Con la llegada de las altas temperaturas, las recetas elaboradas con verduras de temporada cobran protagonismo. Tomates, pimientos, calabacines o berenjenas ofrecen sabores intensos y texturas ideales para preparar platos ligeros y llenos de color durante el verano. Al mismo tiempo, el aumento del calor hace que busquemos alternativas que permitan cocinar recetas más sencillas.

Una de las recetas más populares de la cocina mediterránea son los gemistá, un plato tradicional griego cuyo significado es 'rellenos'. Este plato consiste en vaciar distintas verduras, normalmente tomates y pimientos, para rellenarlas con arroz aromatizado con hierbas frescas, especias y, en ocasiones, frutos secos como piñones o pasas. Dependiendo de la región, también existen versiones con carne picada, aunque la preparación clásica es vegetariana.

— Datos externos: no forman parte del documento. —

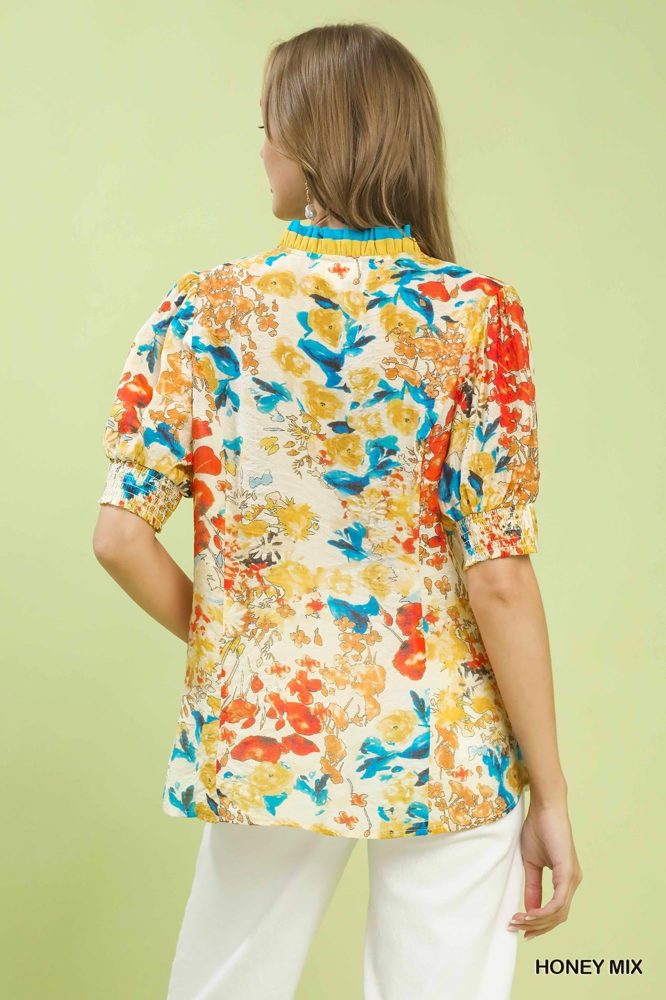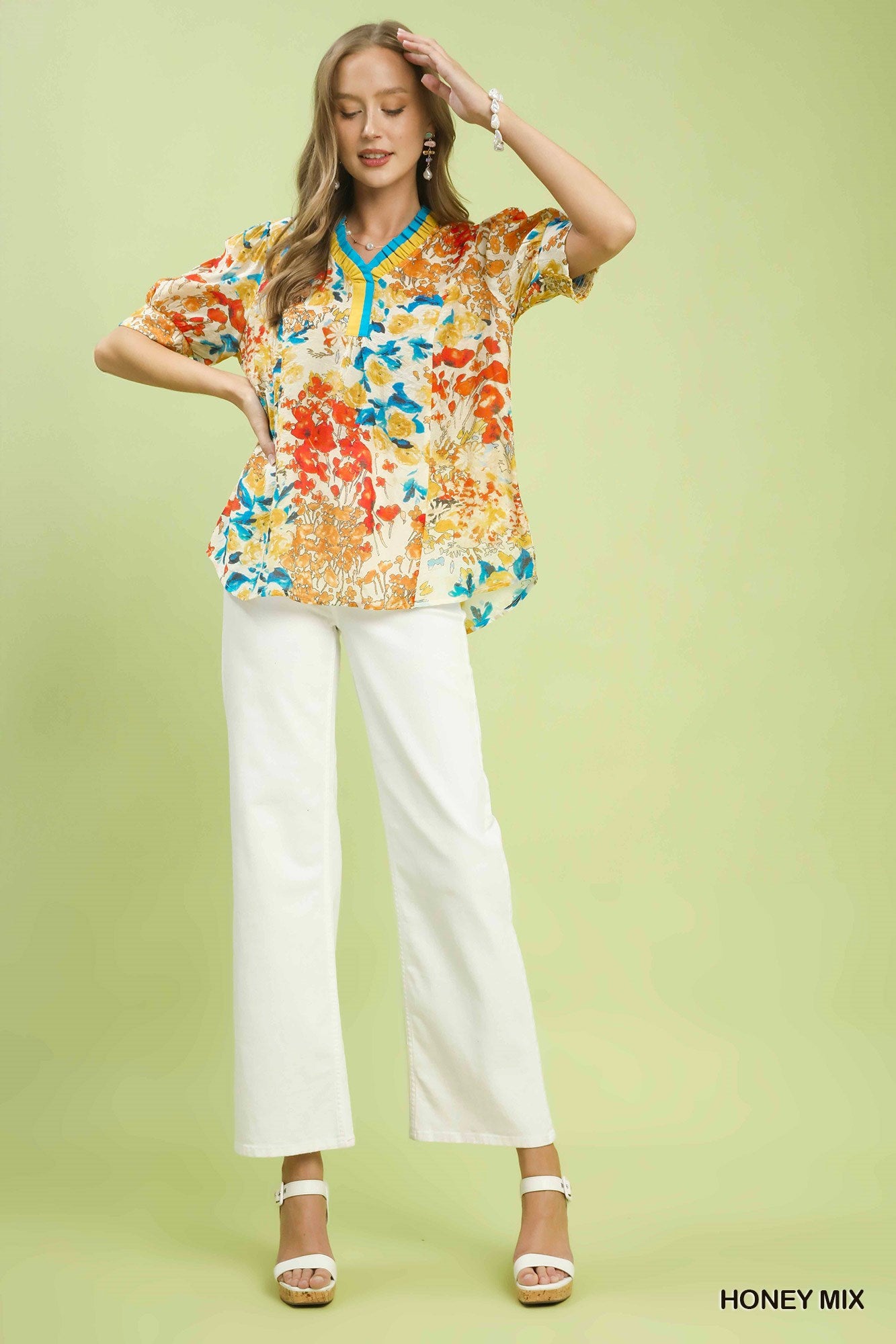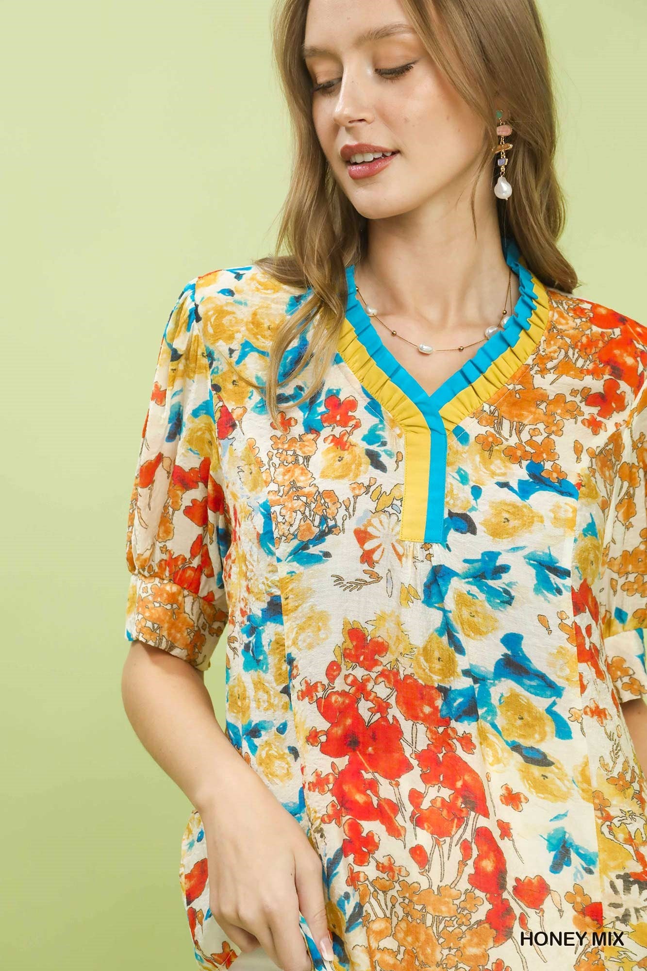 Umgee Floral Contrast Pleat Neck Top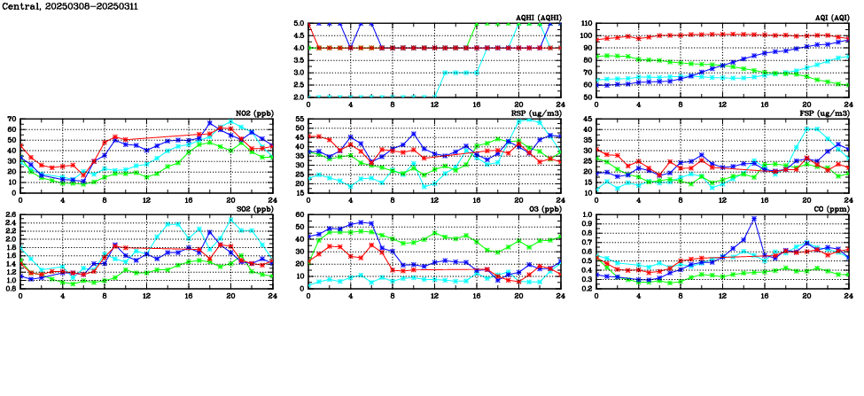 | Air Quality Data Time Series in Central (2025/03/11) | ( Line colors: Day -3 Day -2 Day -1 Current day ) | 2D Map Current AQHI |

El origen de las verduras rellenas se remonta a la Antigua Grecia, cuando existía la costumbre de rellenar hortalizas, hojas e incluso frutos con frutos secos, quesos y hierbas aromáticas, una técnica que después se extendió y perfeccionó bajo la influencia del Imperio otomano, que popularizó el uso del arroz, las especias y, en algunas versiones, la carne picada como relleno.